WHAT YOU SHOULD DO => Leave out all pictures. Return exactly the lines from the top of the material through the line containing "Ford F-150 2013-2014, With".

RECORDS FOR THE EXERCISE =>
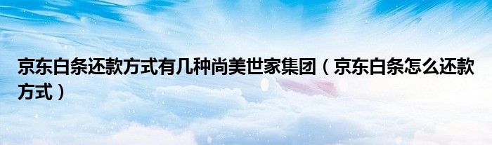 大家好,小晋来为大家解答以下问题,关于京东白条还款方式有几种尚美世家集团,京东白条怎么还款方式很多人还不知道,今天让我们一起来看看吧!
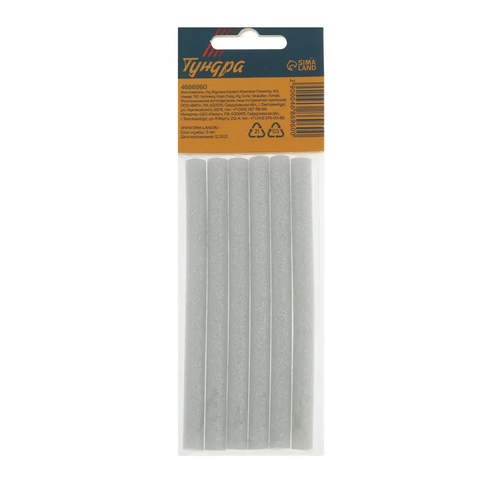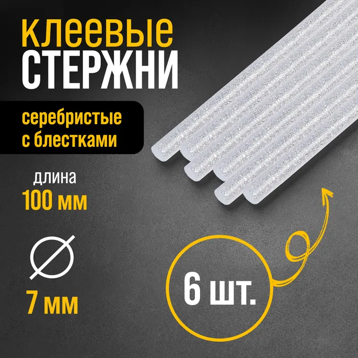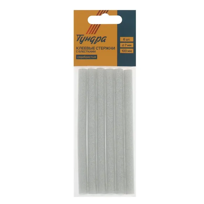 Клеевые стержни ТУНДРА, 7×100 мм, серебристые с блестками, 6 шт. — Характеристики
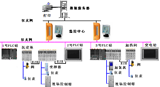 污水處理的工藝流程大體分為:格柵處理、泵房提升、沉砂處理、一次沉淀池、曝氣池處理、二次沉淀池處理、泥漿制備、昭氣利用。需要控制的區域主要有進水泵房,鼓風機房,脫水機房,變電所,加藥間等區域。有柵格、總泵房、沉砂池、生物反應池、沉淀池、加氯間、污泥處理裝置、變電站等控制對象。
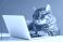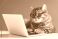 • Cute tabby cat with spectacles appears to use a laptop, representing humorous anthropomorphism
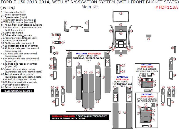 Ford F-150 2013-2014, With 8" Navigation System (With Front Bucket Seats), Main Interior Kit, 39 Pcs.
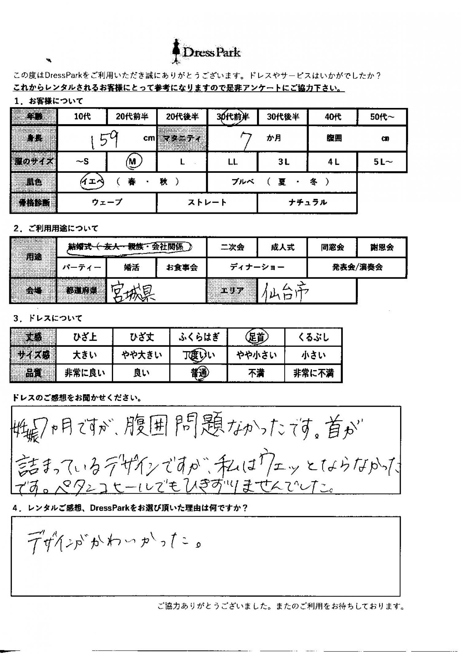 宮城県 N.F様159㎝ Mサイズ仙台 マタニティ #30代#M/L#155~159㎝#結婚式(友人)#宮城県#仙台 ◆レンタルしたドレスはこちら ◆レンタルしたサイズは:M ◆レンタルした日付:2025/11/23 ドレスの着用感 ◆点数: (4点) ◆丈感:足首 ◆サイズ感:丁度いい ◆品質:普通 ◆マタニティ: ◆肌色:イエベ ドレスの感想 妊娠7ヶ月ですが、腹囲問題なかったです。首が詰まっているデザインですが、私はウェッとならなかったです。ぺたんこヒールでも引きずりませんでした。 レンタルのご感想、DressParkをお選び頂いた理由 デザインが可愛かったから。 CUSTOMER REVIEWS お客様の声 気になるカテゴリー別にご利用の感想をチェック! ◆AGE 年代で見る 10代 20代 30代 40代 50代~ ◆SIZE サイズで見る SS/S M/L 大きいサイズLL~ ◆HIGHT 身長で見る 140~149㎝ 150~154㎝ 155~159㎝ 160~164㎝ 165~169㎝ 170㎝以上 ◆マタニティ ~3か月 4~6か月 7~8か月 9~10か月 ◆肌色 イエベ ブルべ ◆骨格診断 ウェーブ ストレート ナチュラル ◆利用シーン 結婚式(友人) 結婚式(親族) 結婚式(会社関係) 二次会 成人式 謝恩会 パーティー その他 CUSTOMER REVIEWS都道府県別お客様の声 都道府県別にのお客様の声をチェック! 北海道 青森県 岩手県 宮城県 秋田県 山形県 福島県 茨城県 栃木県 群馬県 埼玉県 千葉県 東京都 神奈川県 新潟県 富山県 石川県 福井県 山梨県 長野県 岐阜県 静岡県 愛知県 三重県 滋賀県 京都府 大阪府 兵庫県 奈良県 和歌山県 鳥取県 島根県 岡山県 広島県 山口県 徳島県 香川県 愛媛県 高知県 福岡県 佐賀県 長崎県 熊本県 大分県 宮崎県 鹿児島県 沖縄県 CUSTOMER REVIEWSエリア別お客様の声 都道府県別にのお客様の声をチェック! 札幌 仙台 名古屋 軽井沢 金沢 神戸・芦屋 博多 那覇 梅田・新大阪 難波・心斎橋 鎌倉・湘南 横浜・みなとみらい 舞浜・浦安・幕張 大宮・浦和 青山・表参道 六本木・麻布 渋谷・恵比寿 新宿 池袋 銀座・丸の内 お台場・汐留 鹿児島市 郡山市 福島市 東予 甲府・石和 LINEでお問い合わせ このサイトではJavaScriptを使用しています
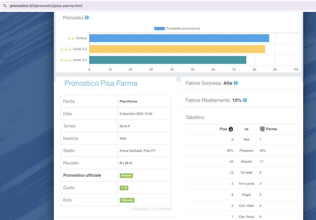 Care amiche e cari amici del Popolo QSC, oggi analizziamo l’incontro di Serie A Pisa-Parma su cui Pronostico.it PREMIUM ha fornito come pronostico ufficiale NoGoal.
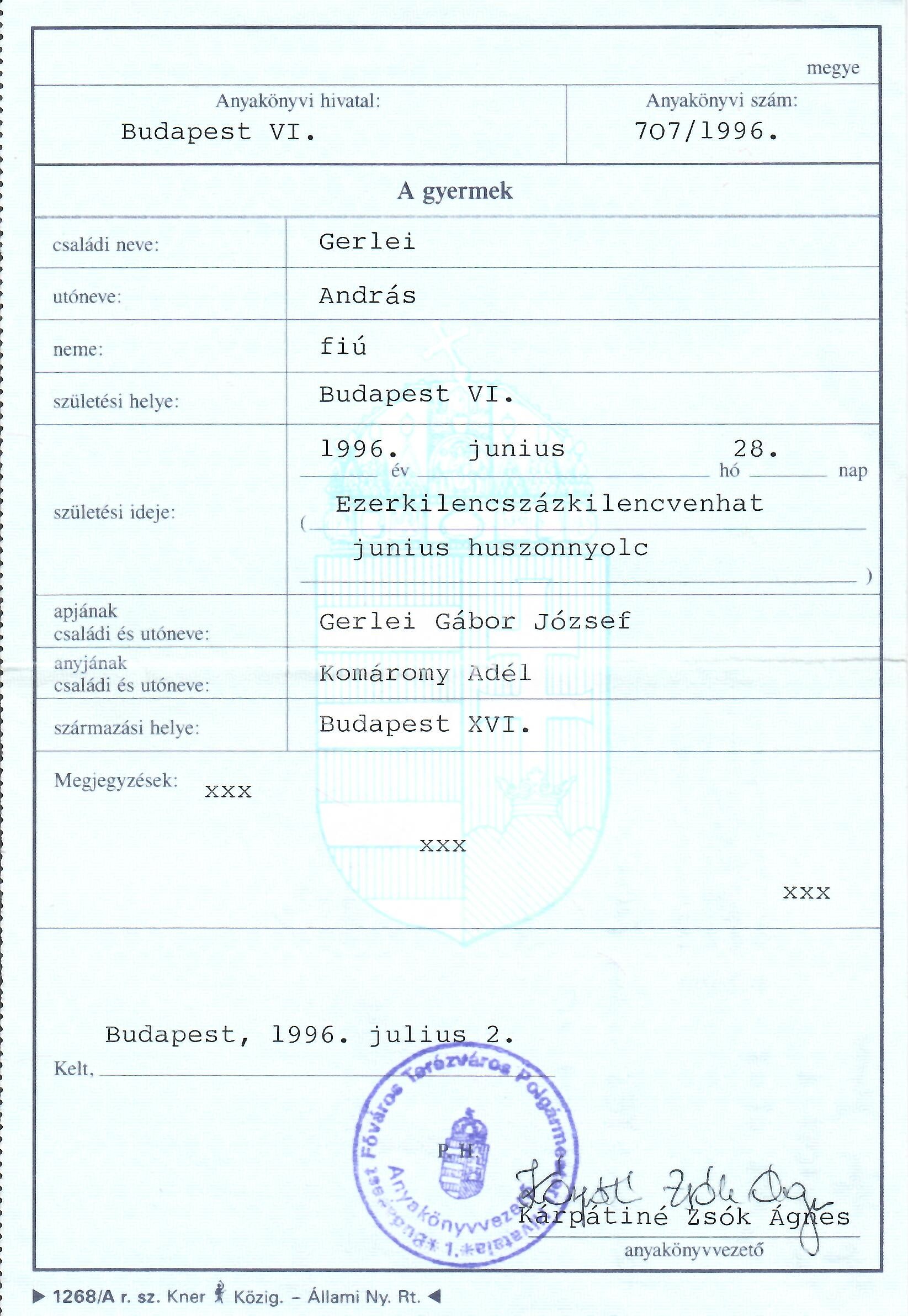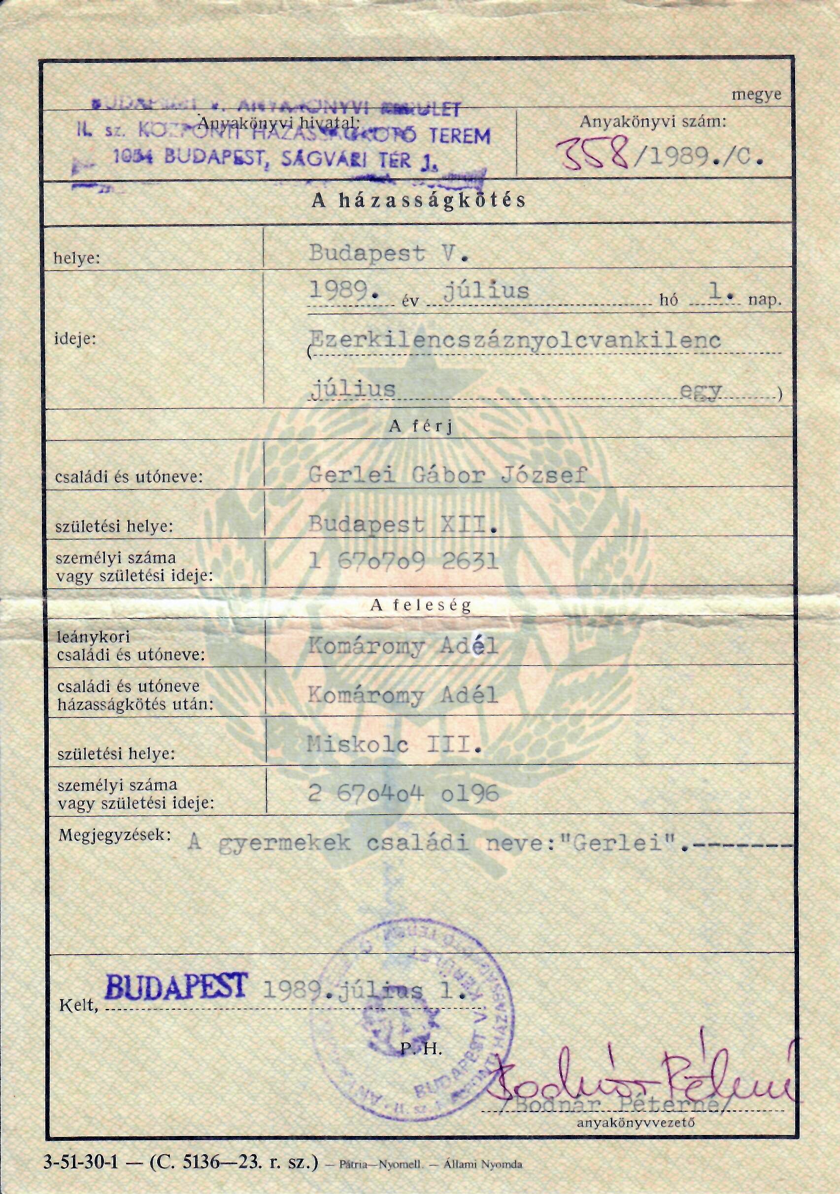| Married | Husband | Gerlei Gábor ( * 1967-07-09 + ... ) | |||||||||||||

SOLVED PROBLEM =>
 大家好,小晋来为大家解答以下问题,关于京东白条还款方式有几种尚美世家集团,京东白条怎么还款方式很多人还不知道,今天让我们一起来看看吧!
 Клеевые стержни ТУНДРА, 7×100 мм, серебристые с блестками, 6 шт. — Характеристики
 污水處理的工藝流程大體分為:格柵處理、泵房提升、沉砂處理、一次沉淀池、曝氣池處理、二次沉淀池處理、泥漿制備、昭氣利用。需要控制的區域主要有進水泵房,鼓風機房,脫水機房,變電所,加藥間等區域。有柵格、總泵房、沉砂池、生物反應池、沉淀池、加氯間、污泥處理裝置、變電站等控制對象。
 • Cute tabby cat with spectacles appears to use a laptop, representing humorous anthropomorphism
 Ford F-150 2013-2014, With 8" Navigation System (With Front Bucket Seats), Main Interior Kit, 39 Pcs.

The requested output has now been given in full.